▶ **Source data**:
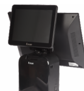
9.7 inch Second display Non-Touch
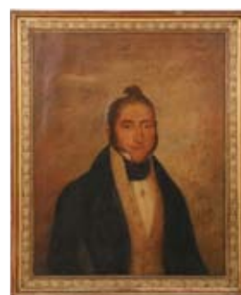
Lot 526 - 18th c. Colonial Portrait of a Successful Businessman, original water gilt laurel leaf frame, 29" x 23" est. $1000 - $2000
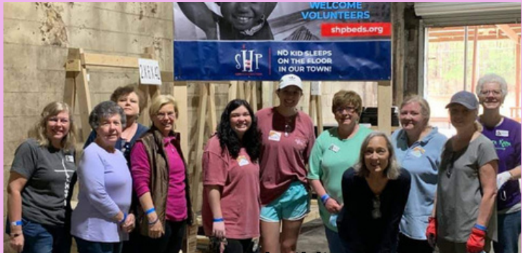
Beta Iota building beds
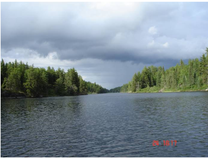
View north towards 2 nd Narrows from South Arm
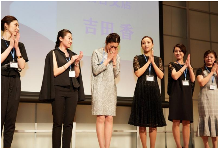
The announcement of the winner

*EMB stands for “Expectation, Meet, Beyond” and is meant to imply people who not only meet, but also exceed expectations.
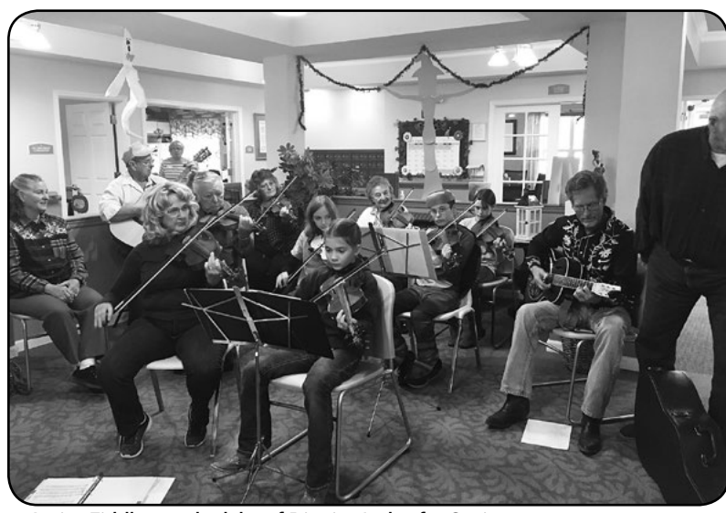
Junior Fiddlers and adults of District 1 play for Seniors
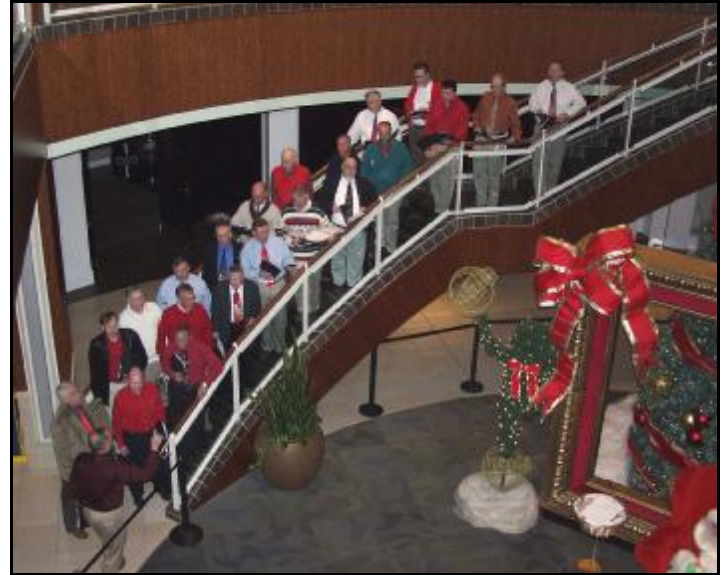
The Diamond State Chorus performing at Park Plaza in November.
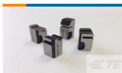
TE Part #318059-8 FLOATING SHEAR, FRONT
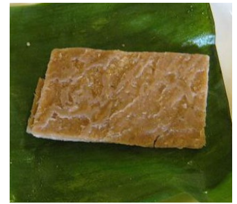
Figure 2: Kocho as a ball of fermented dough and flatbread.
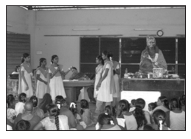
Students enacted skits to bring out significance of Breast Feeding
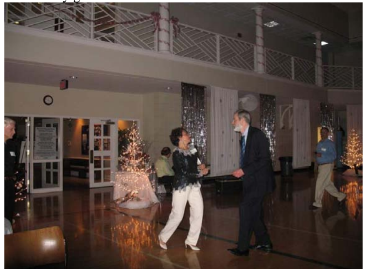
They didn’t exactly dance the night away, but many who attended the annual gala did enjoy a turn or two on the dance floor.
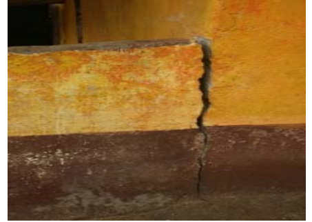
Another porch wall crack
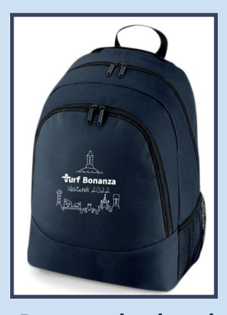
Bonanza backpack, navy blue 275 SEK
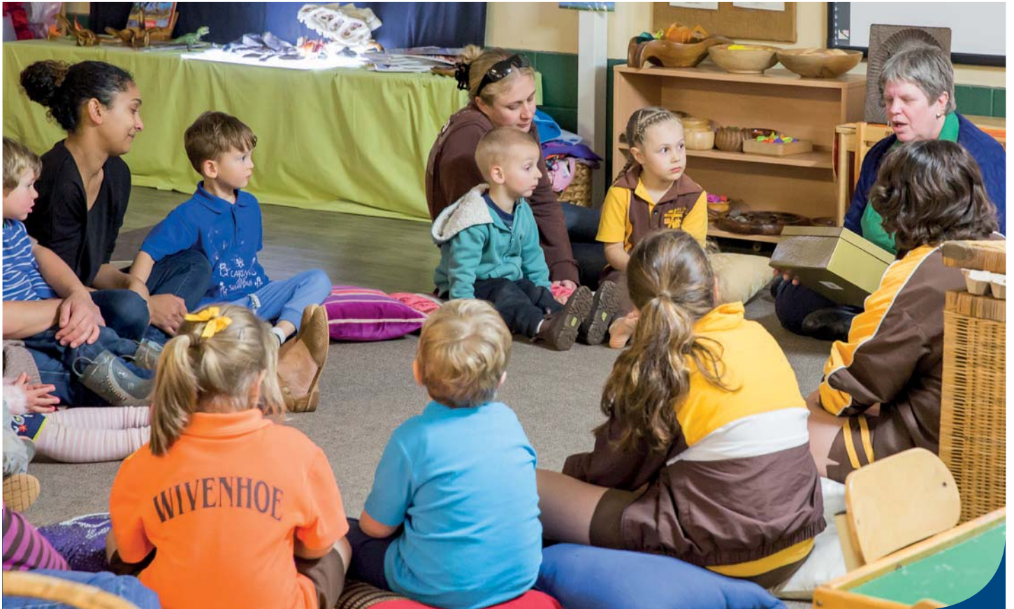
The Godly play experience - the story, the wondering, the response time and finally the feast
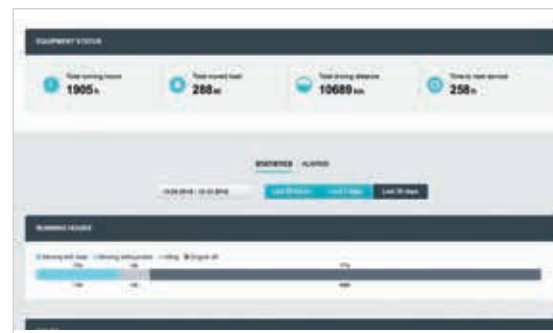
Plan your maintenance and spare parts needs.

▶ **Problem details**:
The first line of the entries, the line containing "The announcement of the winner", and every line between them are to be output exactly; pictures are not.

▶ **Task response**:
9.7 inch Second display Non-Touch
Lot 526 - 18th c. Colonial Portrait of a Successful Businessman, original water gilt laurel leaf frame, 29" x 23" est. $1000 - $2000
Beta Iota building beds
View north towards 2 nd Narrows from South Arm
The announcement of the winner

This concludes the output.